● **What this task involves**
Your answer should repeat exactly the lines from the one holding "- The giveaway" through the end of the data, and it should contain no pictures.

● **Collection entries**
##############################

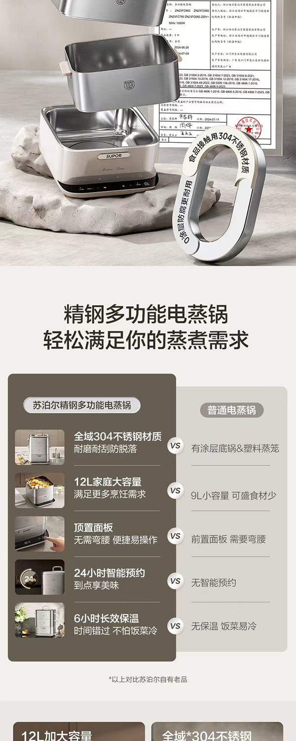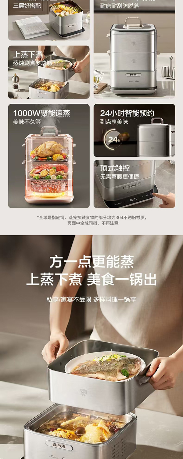 苏泊尔电蒸锅家用三层炖素 苏泊尔一体早餐机蒸笼
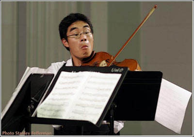 The final piece fits in with the comic bent of this day at the Ottawa Festival. The title tells it almost all: Overture to The Flying Dutchman as played at Sight by a Second-Rate Concert Orchestra at the Village Well at 7 oclock in the Morning. What else you have to know about the performance can be gleaned from the accompanying photographs of the mugging of violist Aaron Au.
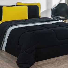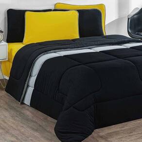 Marca: Enxovais Davy | Estampa: Não se Aplica | Medidas: Edredom Solteiro Urbano 1,60m x 2,40m | de Peças: Avulsa | Material: Agodão | Cor Predominante: Preto/Mescla/Preto | Cama Indicada: Solteiro
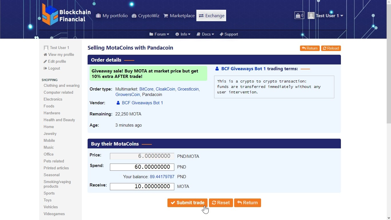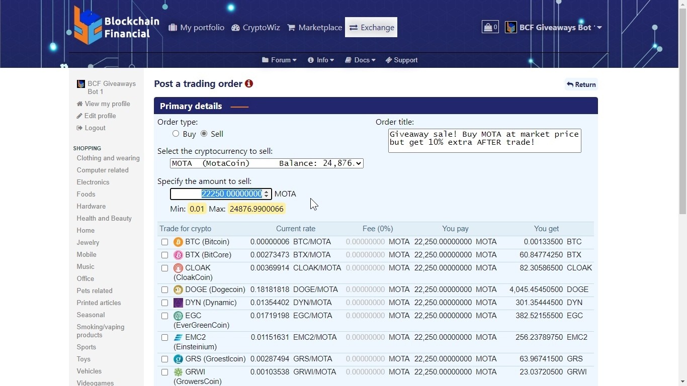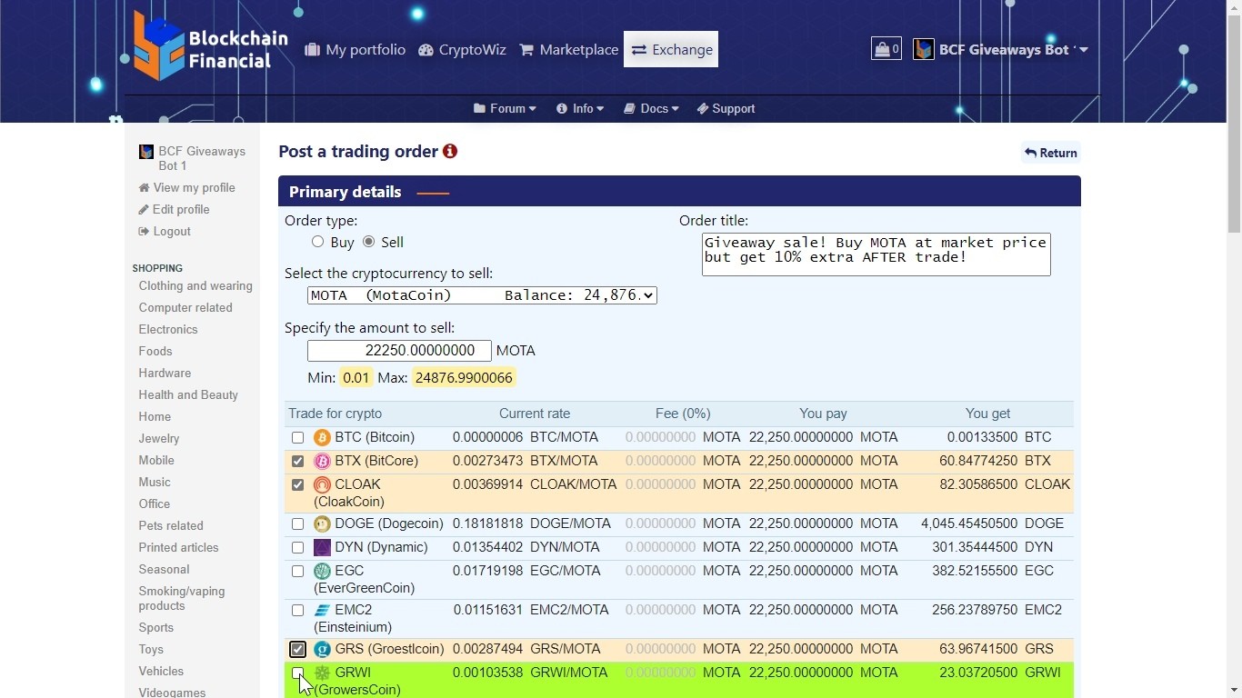 - The giveaway is set to 10%, and only 2 trades per user are allowed. This means that users will be given 10% back when giving coins on a sell order or will get an extra 10% of coins on a buy order.
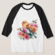 Watercolor painting features a small bird perched amongst blossoms. Get this artwork with products.
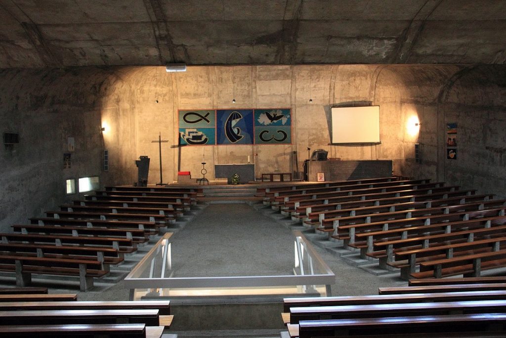 El gran vestíbulo está delimitado por láminas de hormigón continuo. La capilla, a la izquierda de la entrada, es de tamaño pequeño y está separada del vestíbulo por una doble pared de hormigón. Por último, el baptisterio, a la derecha, se abre hacia el vestíbulo, refugiándose en una de sus cavidades.
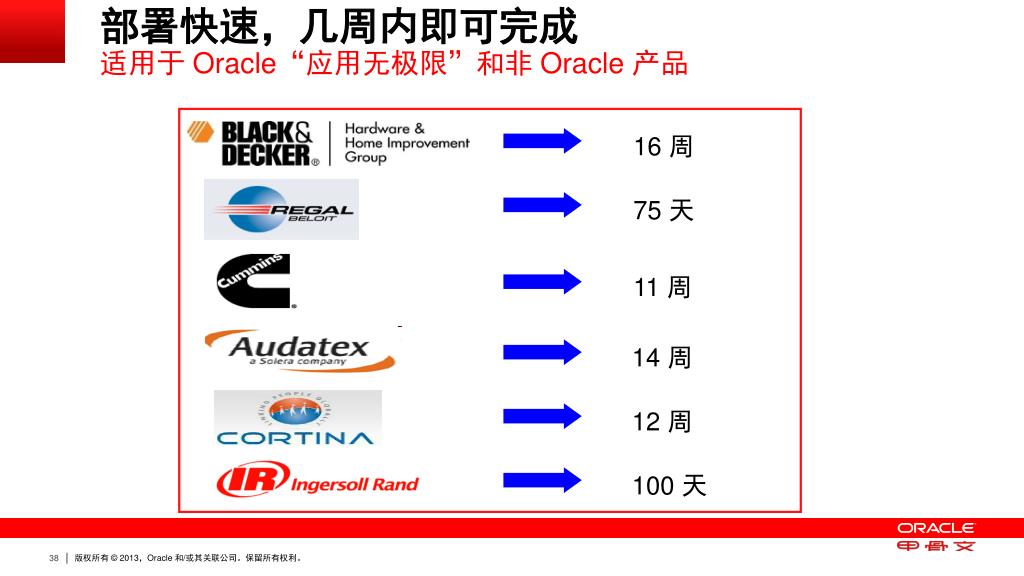 部署快速,几周内即可完成适用于 Oracle“应用无极限”和非 Oracle 产品 16 周 75 天 11 周 14 周 12 周 100 天
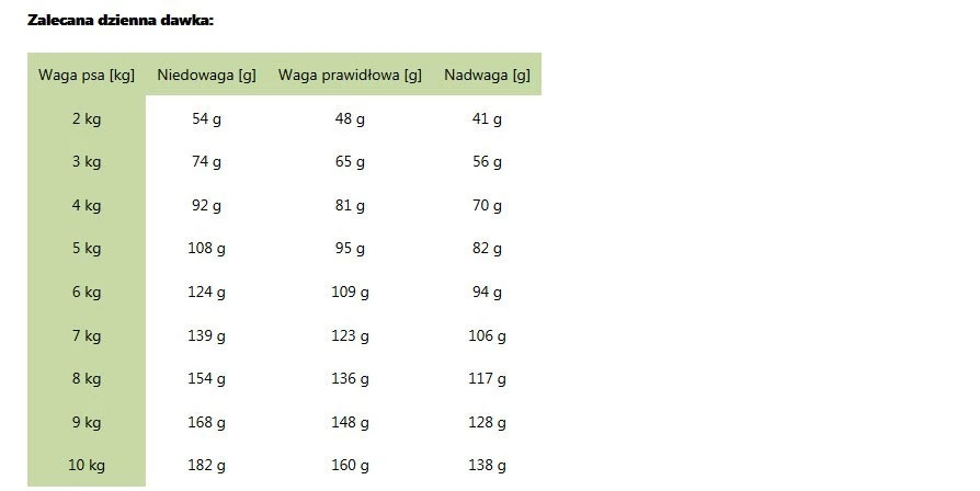 | Waga psa [kg] | Niedowaga [g] | Waga prawidłowa [g] | Nadwaga [g] |

##############################

● **Response for this exercise**
 - The giveaway is set to 10%, and only 2 trades per user are allowed. This means that users will be given 10% back when giving coins on a sell order or will get an extra 10% of coins on a buy order.
 Watercolor painting features a small bird perched amongst blossoms. Get this artwork with products.
 El gran vestíbulo está delimitado por láminas de hormigón continuo. La capilla, a la izquierda de la entrada, es de tamaño pequeño y está separada del vestíbulo por una doble pared de hormigón. Por último, el baptisterio, a la derecha, se abre hacia el vestíbulo, refugiándose en una de sus cavidades.
 部署快速,几周内即可完成适用于 Oracle“应用无极限”和非 Oracle 产品 16 周 75 天 11 周 14 周 12 周 100 天
 | Waga psa [kg] | Niedowaga [g] | Waga prawidłowa [g] | Nadwaga [g] |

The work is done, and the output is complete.